I keep a picture of you as my screen lock on my phone. I guess it's my way of acknowledging you on a real level. Today at work I had the idea to rotate your picture out. I scrolled the the very top of my photos because that's where all of yours reside and I came across one of you holding Andrew. Seeing you hold your brother, your little hands protectively covering him and your head turned into his was almost too much. Sitting there, remembering those moments. Sometimes it just doesn't seem fair that they were cut so short. I still don't go to that place often. That place of "what would you be doing" "what would you look like" "what would you love or hate".  I'm afraid of what I may feel even giving in to those questions just a little bit. It doesn't go unnoticed on the surface. I think of you daily. Every single day you enter my mind. It's been 18 months. Almost to the point of half the life I had with you. It angers me that I don't get new stories to remember or new pictures to place on my screen lock. I feel so cheated sometimes. 
It rained and thundered today. Jake was scared. I told him you loved the rain and thunder and to know that whenever he hears it, you're right next to him. He fell asleep within minutes. I wondered when you would come protect me from my fears. 
I can say I miss you a million times. I could scream it from a mountain and here the words reverberate back to me. It still couldn't convey the depth of pain I feel missing you in our day to day life. How can I really explain what it feels like to have a part of my heart break everyday? How can I really describe the turmoil and tug of war with wanting to wish you back but never wanting you to leave the glories of Heaven?  Sometimes, it just plain sucks and there isn't much I can do but pray this release gets me through to the next.
I just really, really, miss you right now, bud. 
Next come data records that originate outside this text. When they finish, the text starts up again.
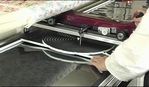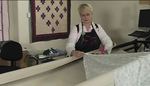 Posts On: December 7, 2010Linda demonstrates using a reference line to line up the quilt top as she gets ready to secure the top, batting, and lining (backing) together. After stitching down the left side and basting the right, she adds the clamps and is ready to quilt.
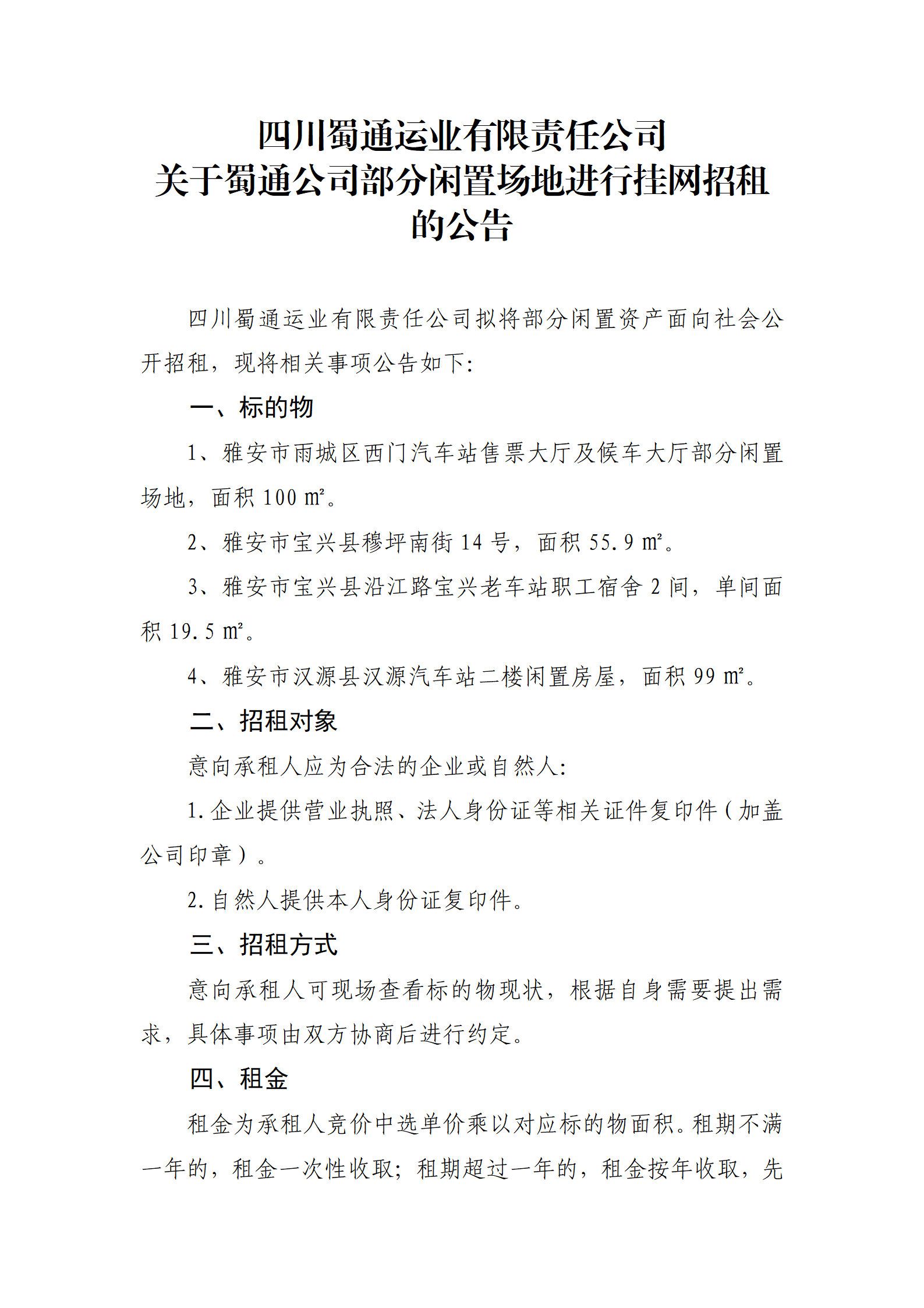 四川蜀通運業(yè)有限責任公司 關(guān)于蜀通公司部分閑置場地進行掛網(wǎng)招租的公告
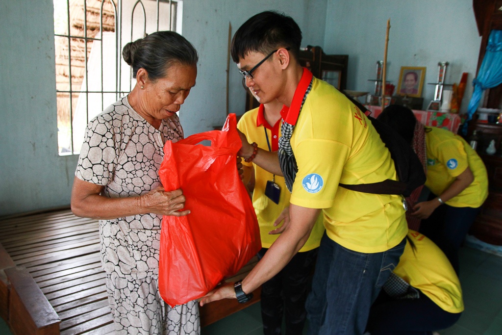 | Các thành viên tặng quà cho một gia đình chính sách. Phần quà gồm nước tương, đường, bánh chưng, mứt, dầu ăn… được đội mua từ tiền quyên góp được trong những ngày trước. |

Saturday, January 26, 2013

Duh.

"...I believed in God, so I spoke..."
2 Cor 4:13
Weeks ago in Sunday school my class touched on the subject of the truth of the Bible. More specifically, where we fit in the story of God. I struggled with this lesson. I was from the understanding that the Scriptures are my life lessons, that His words were supposed to be a foundation on how to model my life. So, I really got tripped up when we read that the Bible in not fundamentally about me but more of a revelation about God and His plan for the universe. How my life really isn't my life but a life about God; and I'm just a vessel to be used to glorify Him. So, I asked questions in class, got some really great answers from some of the pros (Kevin and Alice :) and thought, ok, makes sense. I'm a vessel, if I'm obedient I will gain knowledge in direct proportion to studying Him and His word and that will illuminate through me and in that way, my actions/words/thoughts/movements show Him. Simple.
Not.
I didn't really know just how much I didn't get it until I started up with this online Bible study on Luke. We're into the 2nd chapter and I am learning so much more about obedience. Yeah, we're reading the "Christmas story" currently but take away the tinsle and lights and showiness of Christmas and what it left is a hard-to-stomach-because-I-don't-think-I-possess-an-iota-of-the-faith-they-had-yet, incredibly selfless, vessel of a story concerning the obedience of Zechariah, Mary, Joseph and Jesus himself.
But, this post isn't even about Luke-all the way. The study of Luke opened my heart and mind to His word and tore down some veils of conceit and got me to this:
...I believed in God, so I spoke...
All of a sudden, everything from Sunday school and Luke and life started forming together in my lap via 2 Corinthians and the light (lightbulb) finally showed through.
I have a treasure stored within me. I gained that treasure when I gave my life to Christ. When I gave him my old, conceitful, my-way-has-to-be-the-only-way, life, I gained His life. And by gaining His life, my life suddenly became about His story because I want so very much to be a part of His universe.  These words, my ability to carry on through some pretty tough stuff, my actions-while definitely still a work in progress-show His love because I gave up the love of me.   All of a sudden, I am reading His story as just that-His story. The words written by humans filled with the Spirit concerning the works God did-and is doing-to make His story fully complete. And I want to be obedient. I want to shout that I am being used for His glory and my heart of black is changing to a heart of gold because He is flowing within me. When I finally meet Him face to face, I want my heart to be as perfect as it can be (cuz it's not totally perfect till I die anyway, still human down here) because I want my heart to be a heart that served Him in the role He chose for me.
So, thank you Lord for not giving up on me. For seeing that I would eventually get it and for guiding me to Your word. Thank you for the lives you placed around me-and above me-to help carry on Your plan. Thank you for the gentle reminders life is precious, but strong, if filled with You. Lord, I ask of your forgiveness when I stumble and pray You lead me back to Your plan always. Forever in your name.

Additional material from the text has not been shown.